As a community we would benefit from clearer shared definitions of the different levels of curation and/or preservation offered by repositories and service providers levels and supporting services, not only for comparison but also to support clear roles and responsibilities when selecting and working with data service partners. We congratulate the CoreTrustSeal on raising this important issue and hope that they can help define and communicate these key issues around certification.
About the authors
Darren Bell is Director of Technical Services at the UK Data Archive.
Since 2012, he has overseen the transformation of the repository from a traditional social sciences file and SQL-based infrastructure into a cross-disciplinary data platform, most recently as a Co-I on the Smart Energy Research Lab project, a £6 million investment by EPSRC to deliver a world-class smart meter data repository for academic researchers in partnership with UCL. His professional interests include leveraging graph and semantic web technologies to deliver cross-disciplinary analytics and machine-actionable rights models.
Hervé L’Hours is the Repository & Preservation Manager in the Digital Preservation Systems and Security team at the UK Data Archive.
He works on repository support and maturity models for Trust & FAIR within FAIRsFAIR and on related work within the SSHOC (Social Science & Humanities Open Cloud) project.
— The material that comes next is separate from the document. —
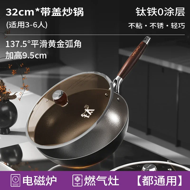 Portable Pots and Pans Cast Iron Cookware Ferrotitanium Wok Pan Cooking Pot Non
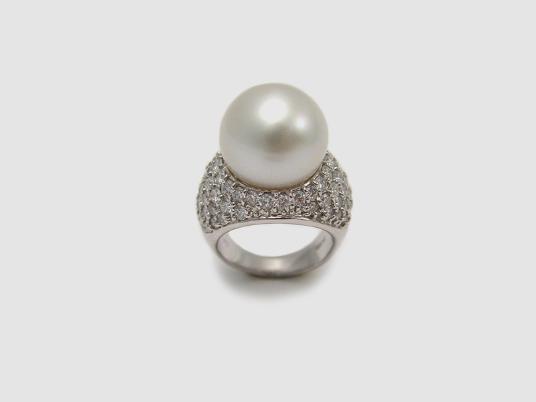 · Item Number: WR-01280 · 15mm White South Sea Ring · 3.30tw Diamonds · Platinum |

He worked on the UK Data Archive’s test audit against the ISO16363 standard for Trustworthy Repositories, is current vice-Chair of the CoreTrustSeal and past Chair of the Data Seal of Approval.
Professor Matthew Woollard is Director of the UK Data Service.
Matthew provides strategic direction as Director of both the UK Data Service and the UK Data Archive, based at the University of Essex. He has practical and theoretical experience in all aspects of social science and humanities data service infrastructure, having previously headed the History Data Service and served as Head of Digital Preservation and Systems at the UK Data Archive.
As director he has overall responsibility for the service strategy and key stakeholder relations. He also provides leadership in data curation, archiving and preservation activities.